A beam having a length of 20 metres is pivoted at its mid point. A 200 newton load is located at a point 5 metres from the right hand end of the beam. A 300 newton load is located at a point 8 metres from the right hand end. In order to be in equilibrium, what load is required at the extreme left end of the beam?

F= Unknown

200N* 5m= 1000Nm
300N* 8m= 2400Nm
2400Nm + 1000Nm = 3400Nm
3400Nm/10m = 10m*F/10m
F= 340N
340N is required at the extreme left end of the beam to be in equilibrium.

Is this correct?

3 answers

sum moments about the right end.

5*200+8*300+load*20-F*10=0 where F is the balance point force.

Summing vertical forces

F=300+200+load

5*200+8*300+load*20-(300+200+ load
)*10=0

3400+20Load-5,000-10Load=0

load=160N

I am not certain what you did.

Now, check. Sum moments about the left end.

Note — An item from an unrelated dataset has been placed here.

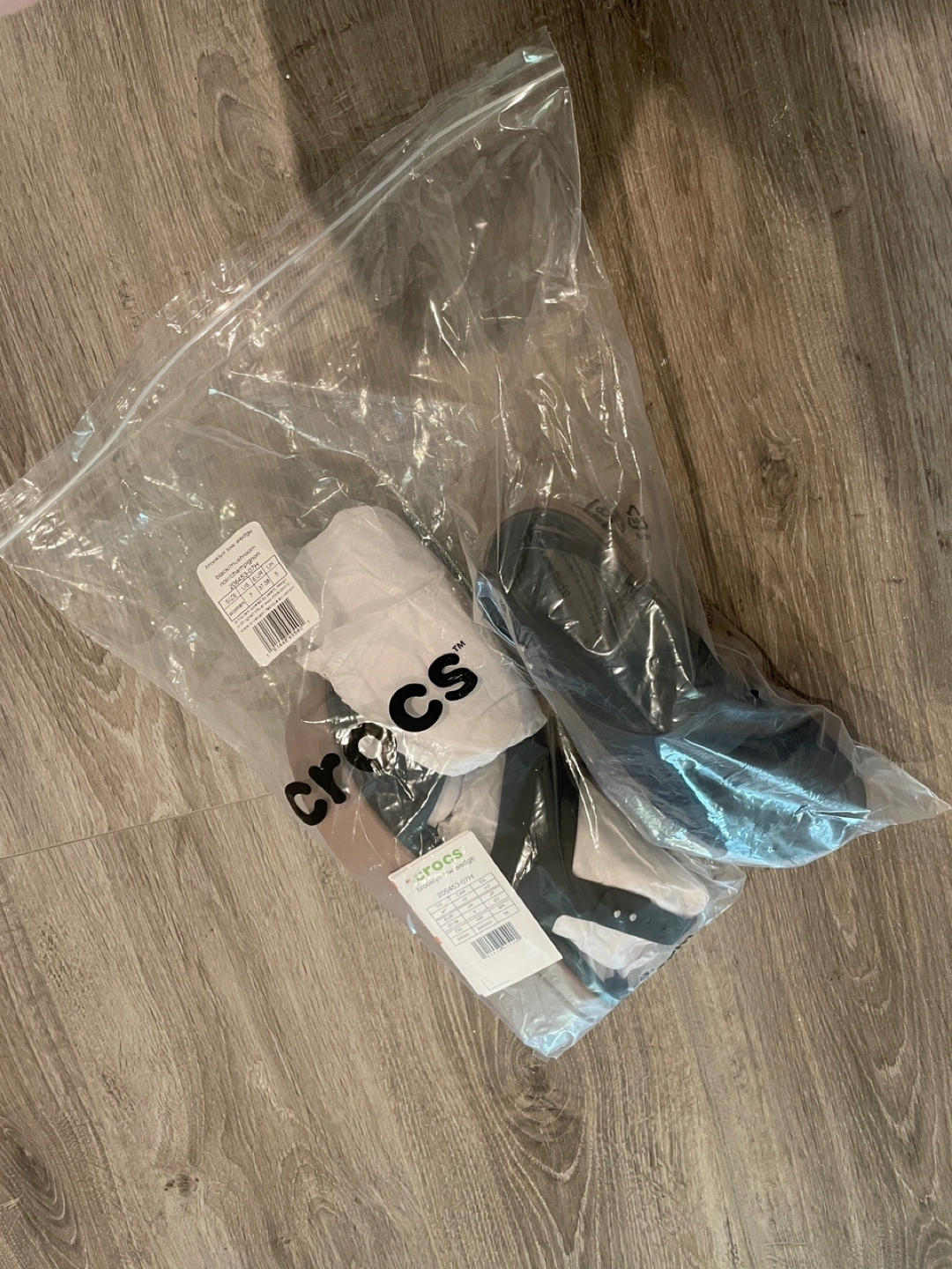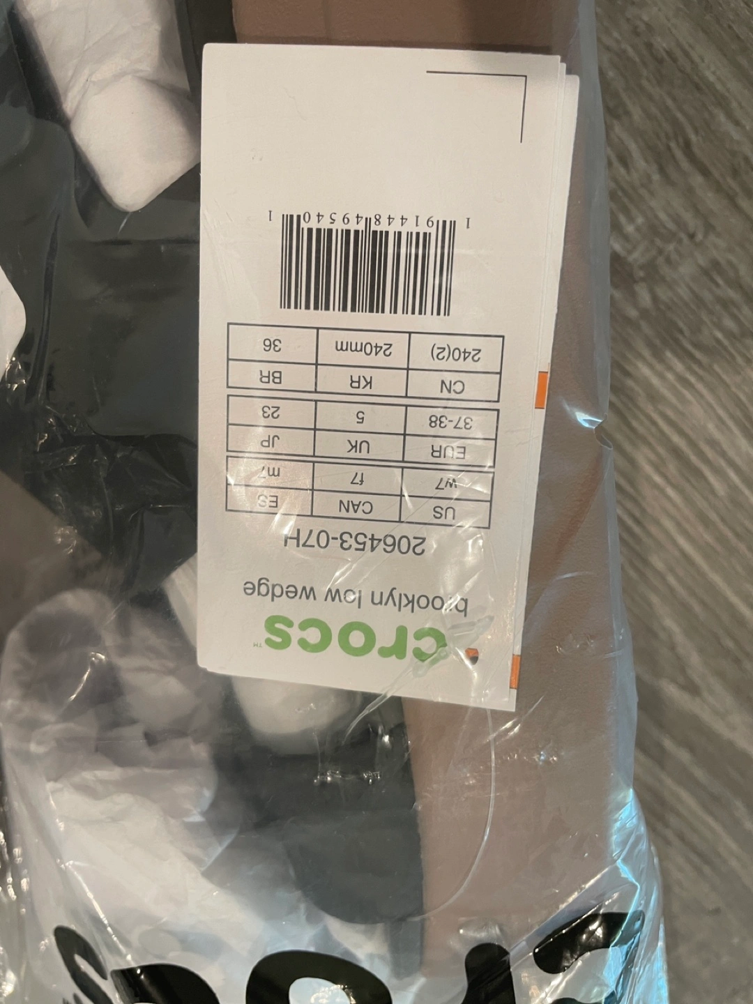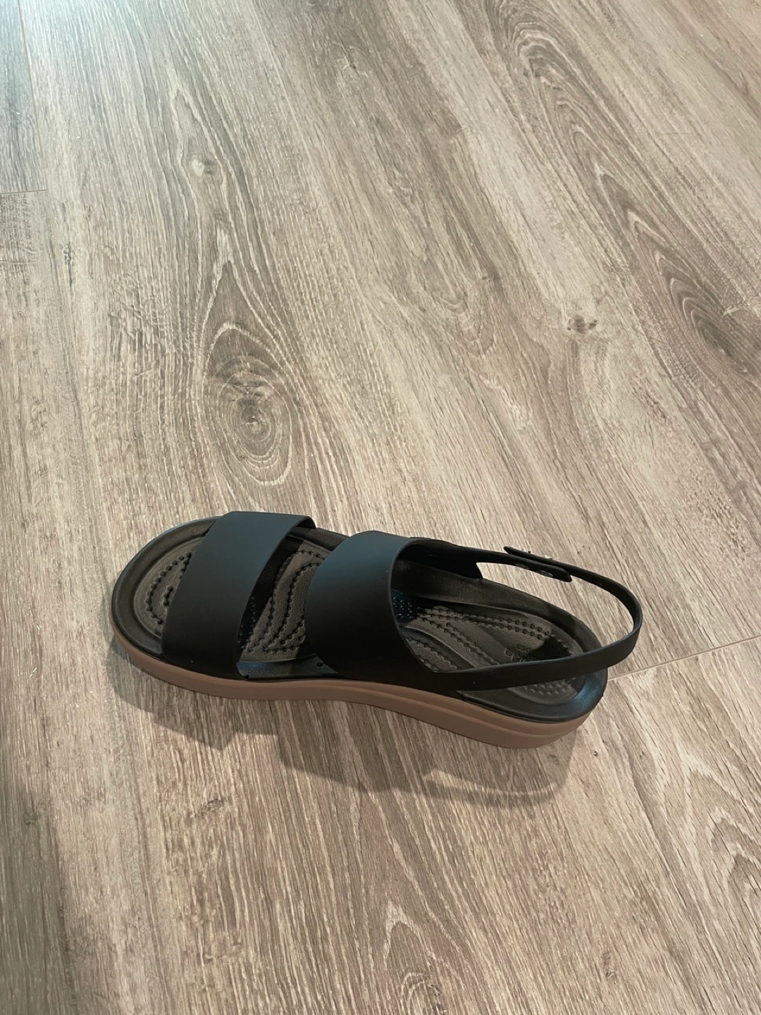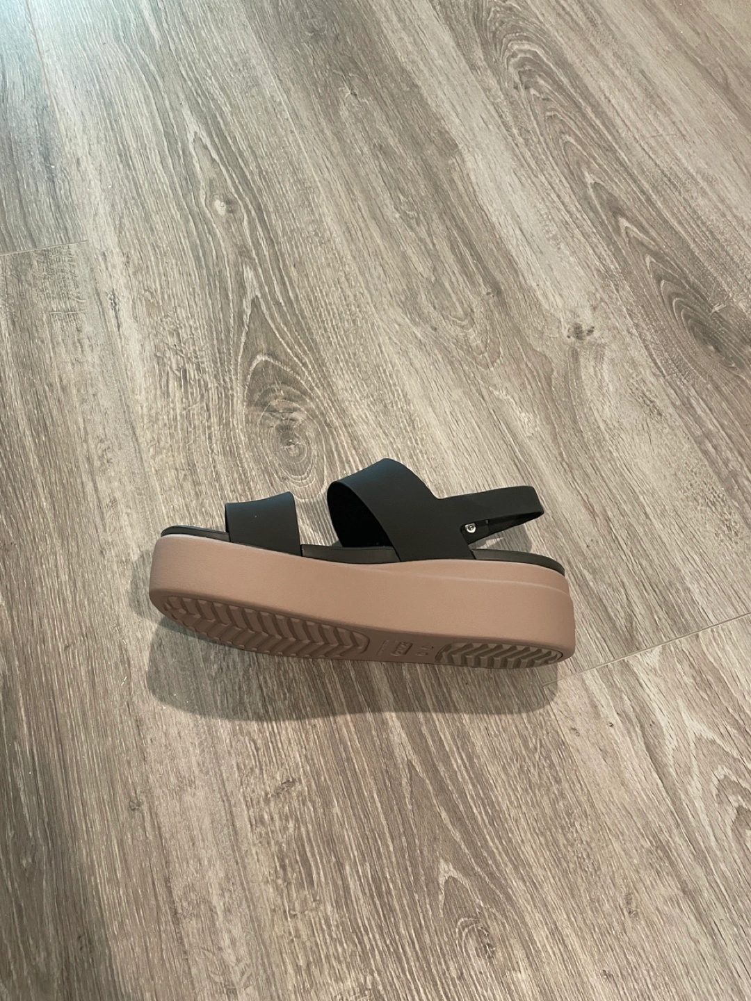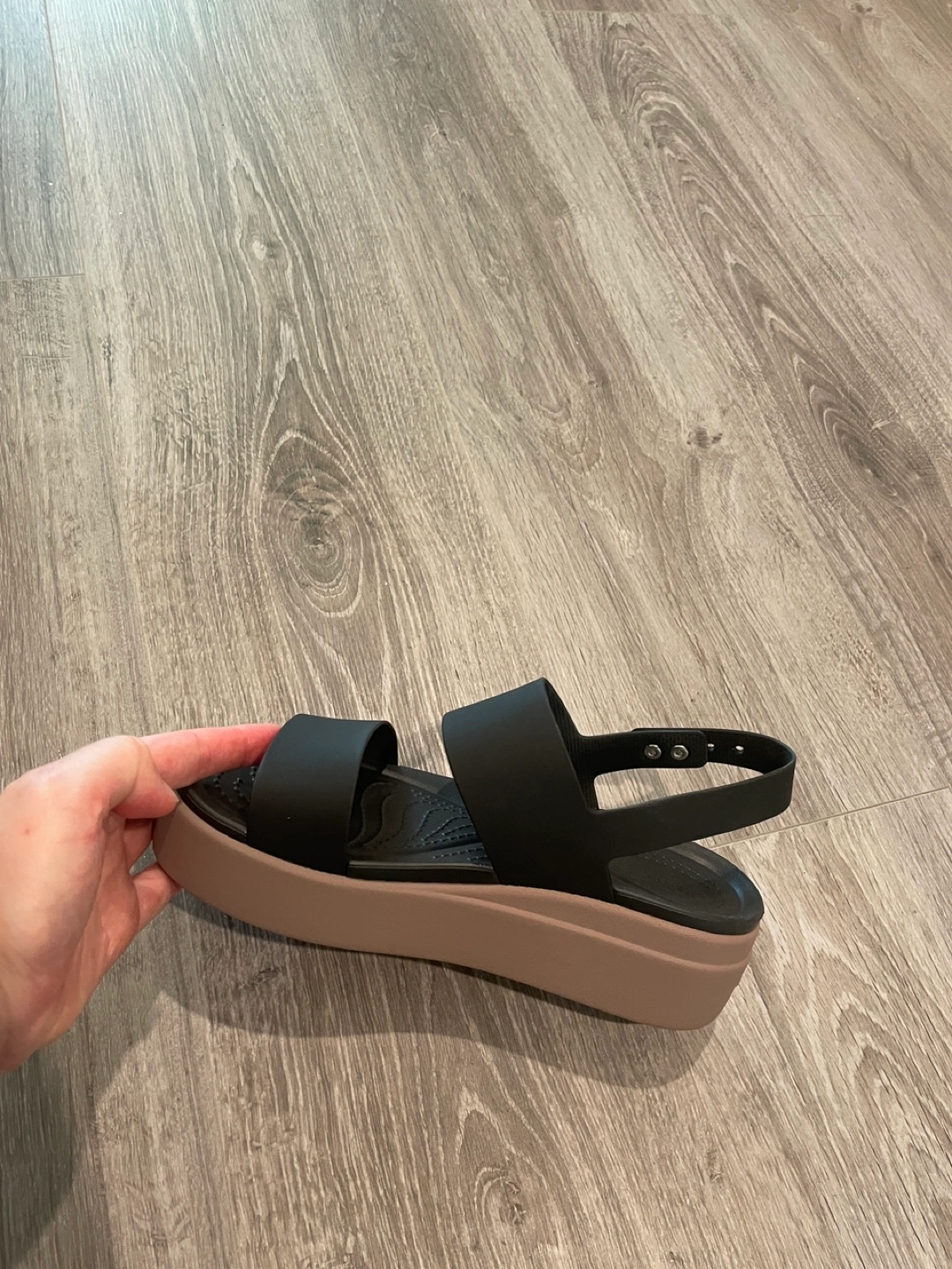 Selling a pair of Crocs Brooklyn Low Wedge sandals in black and mushroom colour! They are size US 7. Comes with original packaging. New item never used!

F is 660 at the balance point.

10(660)-12(300)-15*200=0
6660-3600-3000=0
0=0 checks
10(660)-12(300)-15*200=0
6600-3600-3000=0
0=0 checks
300N 200N
? |- 8m -|- 5m -
|_____________________________________|
R2 10M | 10m R1

A beam having a length of 20 metres is pivoted at its mid point. A 200 newton load is located at a point 5 metres from the right hand end of the beam. A 300 newton load is located at a point 8 metres from the right hand end. In order to be in equilibrium.
What load is required at the extreme left end of the beam?
Would you mind showing my the formulas used to determine the answer. I'm a little confused on a few things. Thank you.